MANLIUS – After nearly a dozen years at the helm of the Manlius Town Board, Supervisor Ed Theobald has announced that he will not seek reelection this fall.
Theobald said that the decision was made prior to his last run for office in 2019, but he had kept his intentions not to run between his wife of 43 years, Bridget, and himself.
“We decided at that time that it would be the last time I would run,” Theobald said.
Theobald has been a mainstay in the Republican party in the town of Manlius since the 1980s, when his coworker at the time, former Manlius Supervisor Dick Lowenberg, urged him to join the town GOP committee. Later he became a trustee in the village of Minoa before turning his attention to the town board.
When he was elected supervisor in 2009, Theobald said he brought some of the same lessons he had learned working in his father’s drug store as a boy.
“One thing I had learned from dad, was the importance of the customers to the business,” Theobald said. “The first thing I did when I met with the department heads was I stressed to them the importance of treating the town residents, our taxpayers, with respect and as customers.”
That philosophy, he said, has helped make the town of Manlius responsive to the needs of the residents throughout his tenure.
Theobald said his priority as supervisor was to maintain the town’s fiscal strength while ensuring that Manlius continues to provide strong services, well-maintained infrastructure, and high-level police protection. To do that, he said, the town needs to encourage a growing tax base through both business and residential development.
Theobald said he had pride in his ability to work with members of both political parties, something that has been tested in this last term as the makeup of the board went from a six to one Republican majority to a five to two Democrat majority. In the past year, the board has moved forward on a number of initiatives the Democrats campaigned on in 2019, including the development of a comprehensive plan and a proposal for a community solar array on the town landfill on Bowman Road.

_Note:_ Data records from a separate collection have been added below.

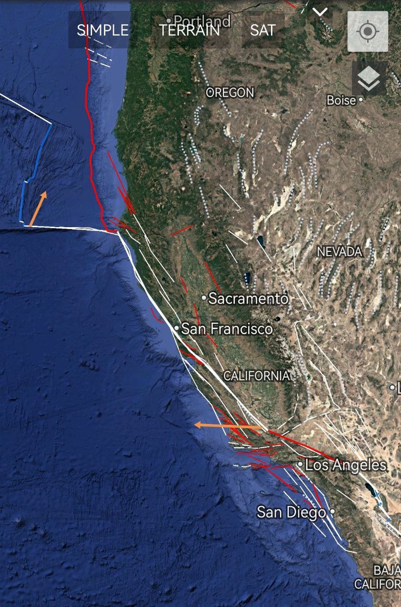 Подтверждается сильное тектоническое напряжение на западном побережье Северной Америки. Вчера перед закатом трассировались разломы вдоль Калифорнии (на уровне М7+). ====== Strong tectonic stress on the west coast of North America is confirmed. Yesterday, before sunset, faults were traced along California.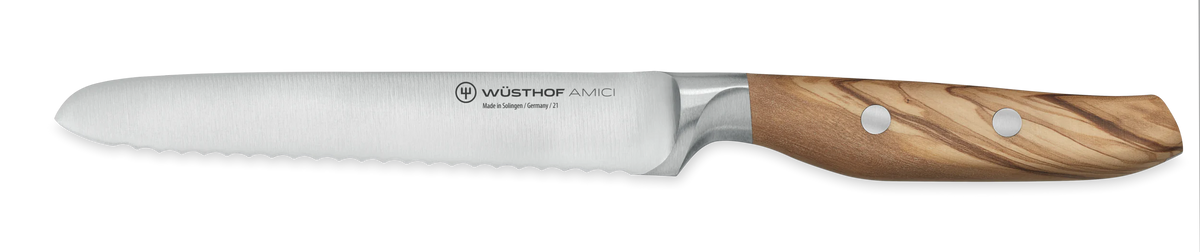 The WÜSTHOF Amici Serrated Utility Knife combines artistry, comfort, and functionality, making every slice a celebration of flavor and tradition.
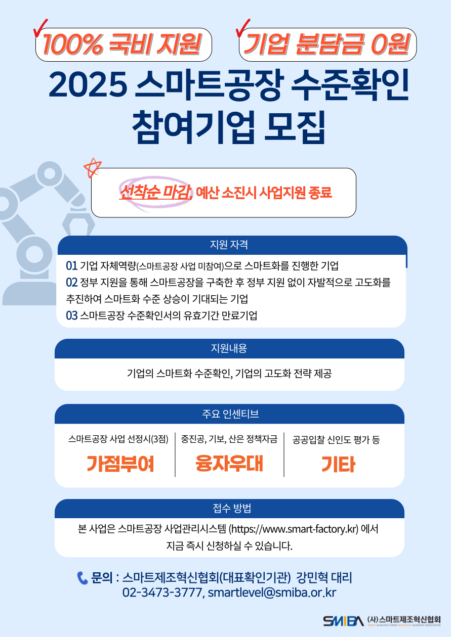 저희는 스마트공장 수준확인 사업 신청을 적극적으로 도와드리고 있습니다. 유효기간 만료가 임박했거나 스마트공장 도입을 고려 중인 기업이라면 예산이 마감되기 전에 서둘러 신청하시기 바랍니다. |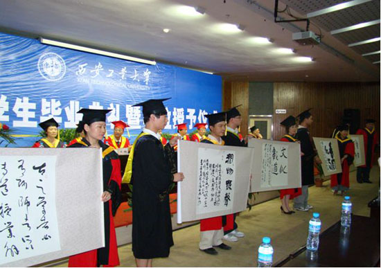 会上,艺术学院毕业生代表为光电学院高明教授等十位明星教师敬献了精心创作的书画作品,表达了对培养学生付出艰辛劳动的教师的感激之情。毕业生代表为主席台就座的领导敬献鲜花,向校领导和全体教辅人员表达了09届毕业学生的敬意之情。校领导也向学生代表回赠礼品留念。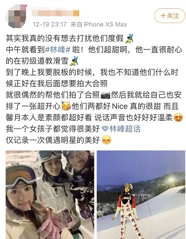 有粉丝留言问林峯有没有陪同一起去,虽然张馨月没有回复,但她与林峯的“行踪”很快就被偶遇的路人暴露了。
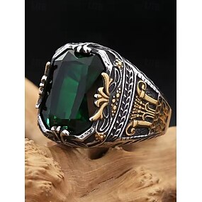anello da uomo in lega con pietre preziose, gioiello vintage gotico con pietra grande, accessorio di moda multicolore, regalo di Natale unico per feste e uso quotidiano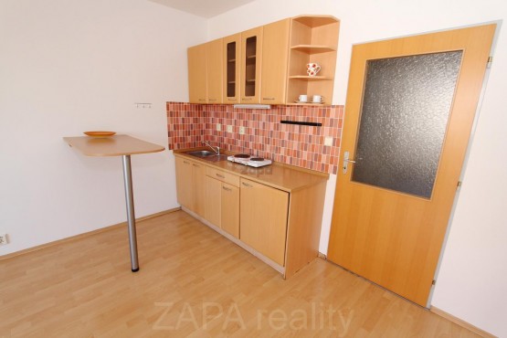 Kuchyňský kout je volně propojen s obývacím pokojem, kde je vstup na balkon. Koupelna je se sprchovým koutem a sociální zařízení WC, je zde přípojka na pračku. Na podlahách je nová vinylová podlaha nebo dlažba.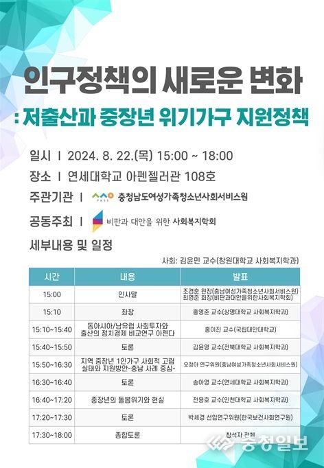 충청일보 박사현 기자 | 충남여성가족청소년사회서비스원은 2024년 8월 22일 비판과대안을 위한 사회복지학회와 ‘인구정책의 새로운 변화’를 주제로 공동세미나를 진행했다.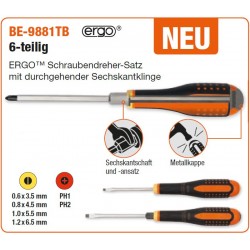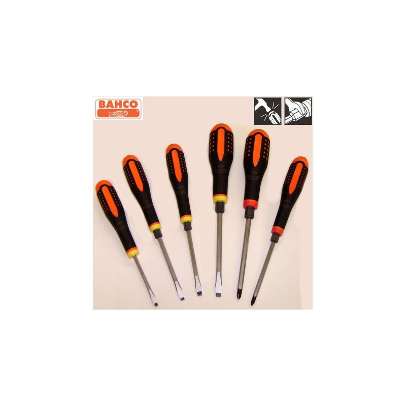 Flat: 3.5mm-4.5mm-5.5mm-6.5mm Cross: PH1; PH2 Ergonomic handles. Forged. Professional. Made in Spain.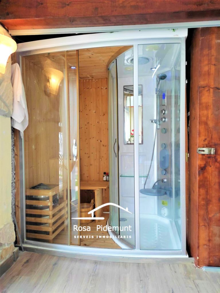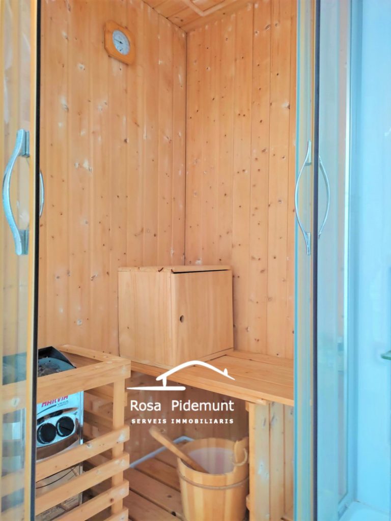 A l’esquerre, just a l’entrada del saló, hi ha una sauna petita finlandesa i una de vapor, quina es pot convertir en dutxa – amb llums – Zona SPA!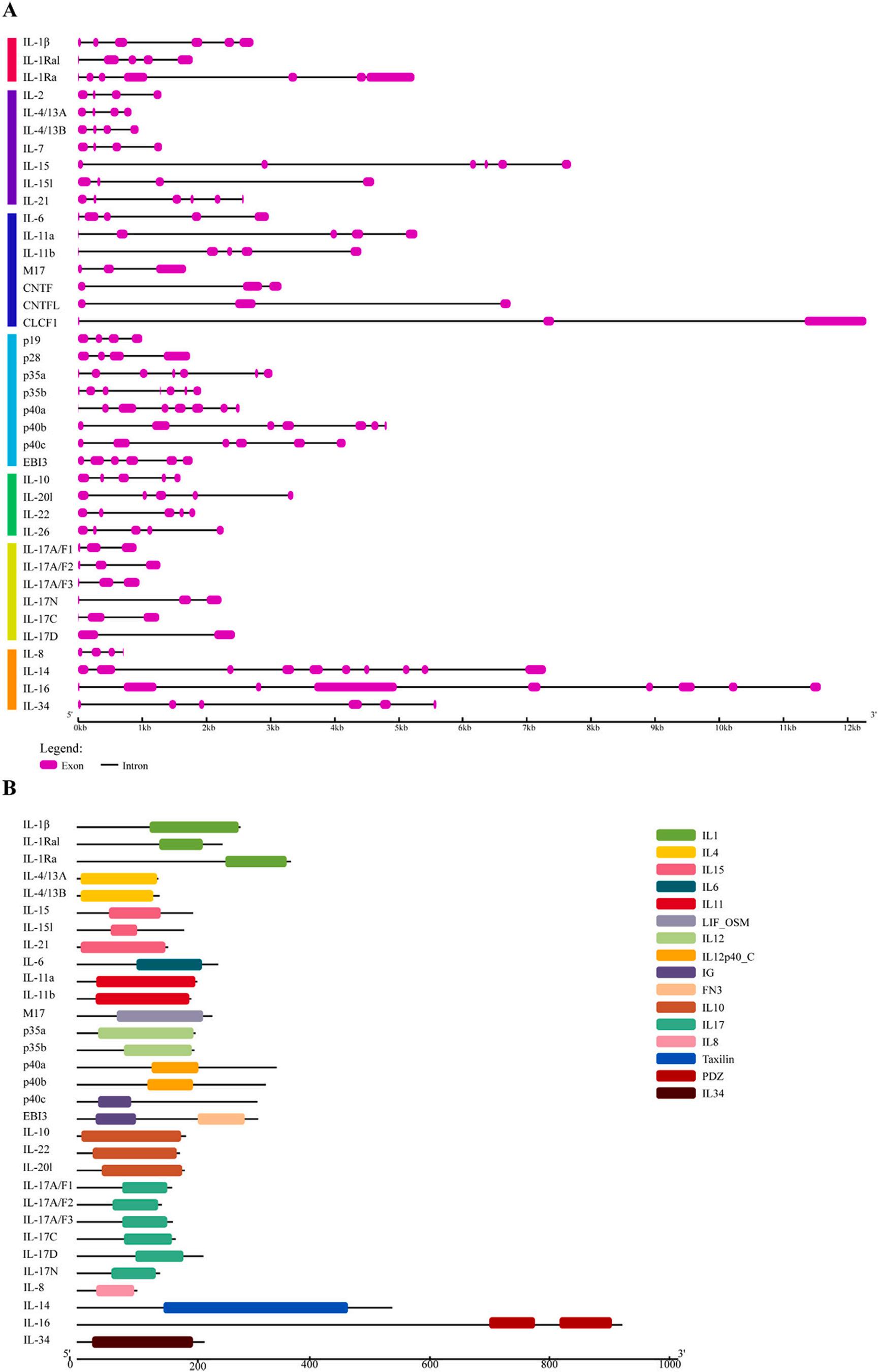 In this study, a total of 39 IL genes were identified in grass carp and their designations were showed Table 1 As shown in Table 1, there were some IL genes in grass carp that were not present in human, such as IL1Ral, IL-15l, IL-11b, CNTFL, and p35b, etc. Of course, there were also some IL genes present in human that were not present in grass carp. The amino acid residue length of IL proteins in grass carp ranged from 98 (IL8) to 907 (IL-16); the pI ranged from 5.02 (IL-1Ra) to 10.42 (p28), and the MW ranged from 10,952.09 (IL-8) to 97,942.04 (IL-16) Da. In addition, we performed subcellular localization predictions for these ILs, which showed that most IL proteins were localized extracellularly, with only a small fraction located in the nucleus (IL-1β, CNTF, and CNTFL) and cytoplasm (IL-1Ra, IL-1Ral, IL-14, and IL-16). Signal peptide prediction analysis showed that most of the ILs had signal peptides; transmembrane helix prediction analysis showed that none of the IL members had transmembrane helices except IL-15l, which had a transmembrane helix. The details were shown in Table S1.

“I had made the decision [to] work together [with the Democrats]. Let’s try to accomplish these things you want, with the understanding of where I stand on these things,” Theobald said. “When it’s time to campaign and be political, you do it then, and when it’s time to govern you govern.”
“If you focus on what’s needed first, and accomplish those things financially, then we can look at other opportunities,” he added.
One opportunity he would like to see pursued is a new town municipal building. While new fire stations have been built in all three villages in the past 15 years, the town continues to lease space in the village of Manlius municipal building for the police department.
“Our town of Manlius Police Department who are also our first responders, they’ve been in the same building, a former elementary school, since 1985,” Theobald said. ”It’s poorly located. I really hoped that we could get a new municipal building that encompasses all of us, including the police department.”
A new municipal building would allow town employees and the police department to work under the same roof in a more central location and increase the size of the courtroom for both convenience and safety reasons, he said.
“We’re paying around $100,000 in lease payments for all these years, which I think could be used better. We have our own building which could be sold,” Theobald said.
Progress on the initiative to develop a new municipal building slowed during the pandemic, he said, “but we’re still working on it. Obviously, it will be after I am gone.”
Theobald credits his father, a Republican, with encouraging his interest in politics and his mother, a Democrat, with giving him his sense of humor. As a child, he remembers watching the 1964 Democratic convention with his dad while on vacation in the Thousand Islands. Watching the rough and tumble of convention politics in the ‘60s sparked a lifetime interest in the democratic process, he said.
But now, after a dozen years at the helm, it’s time to step aside and let someone else be supervisor. Theobald, who continues to work full time as a financial advisor, said he hopes he and his wife will be able to use some of the additional time to travel.
In recent weeks, both the Manlius Republican and Democratic committees have met and nominated slates for the November 2021 election. On the Republican side, former councilor and current planning board member Rich Rossetti has been nominated for supervisor. On the Democratic side, Councilor John Deer has been nominated.
Asked what advice he would give to his successor, Theobald said, “stay open minded and listen before you speak. You have to learn to work with everyone.”